Yahoo delivered tepid third-quarter revenue growth and forecast weaker-than-expected sales in the fourth quarter as it continues to lose market share to rivals like Google.
The company said it earned $396 million, or 29 cents a share in the third quarter, against 13 cents a share last year.
Revenue for the quarter came in at $1.12 billion, excluding traffic-acquisition costs, versus $1.13 billion last year.
Traffic-acquisition costs (TAC) include money that Web sites pay to advertisers and that they spend to draw traffic. Analysts factor TAC into their earnings estimates.
Equity analysts who follow Yahoo expected the company to turn in a profit of 15 cents a share on sales of $1.13 billion, according a consensus estimate from Thomson Reuters.

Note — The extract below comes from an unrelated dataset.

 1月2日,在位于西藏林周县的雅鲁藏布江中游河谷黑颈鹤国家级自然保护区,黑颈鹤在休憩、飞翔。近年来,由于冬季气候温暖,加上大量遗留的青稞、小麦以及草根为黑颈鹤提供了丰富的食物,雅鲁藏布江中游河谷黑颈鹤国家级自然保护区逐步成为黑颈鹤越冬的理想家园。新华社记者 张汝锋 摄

Yahoo, the No. 2 U.S. search engine behind Google , projected fourth-quarter revenue, excluding traffic acquisition costs, of $1.125 billion to $1.225 billion. Analysts were looking for revenue of $1.26 billion, according to Thomson Reuters.

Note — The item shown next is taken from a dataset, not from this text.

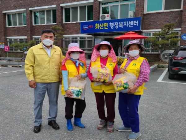 19일 화산면은 지난 18일 노인일자리 참여자들에게 코로나19 예방을 위한 사전교육을 실시하고, 참여 어르신을 위한 선물꾸러미 36개를 직접 준비해 전달했다고 밝혔따.
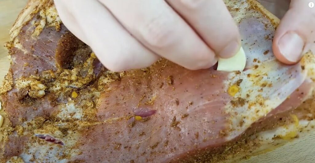 • Then make a few slits and insert garlic cloves into them.

"The revenues were a little bit light and the guidance is also sort of uninspiring," said Clay Moran, an analyst with The Benchmark Co. "The display business is up 17 percent, which is below expectation and, of course, the total revenues aren't growing. Not that surprising but certainly not inspiring or shows any noticeable change in operating trends."

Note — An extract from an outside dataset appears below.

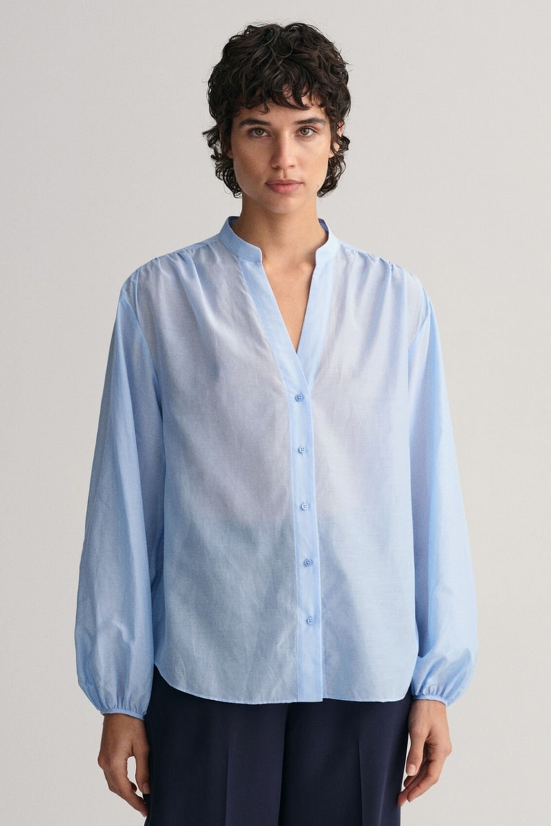Chemisier relaxed en soie mélangée à manches longues avec fronces et liserés.

After initially popping higher in extended trading Tuesday, Yahoo shares reversed course to move lower. Get after-hour quotes for Yahoo here.
That decline added to a more than 2.5 percent slide from the regular Nasdaq session .
Yahoo shares have gained more than 6 percent since reports last week that a variety of private equity firms, including Silver Lake Partners, were exploring a potential buyout of the company.
Excluding one-time items, Yahoo earned 17 cents a share, but analysts who follow the company have a history of including unusual items in their Yahoo estimates, including gains on sales of assets and one-off charges.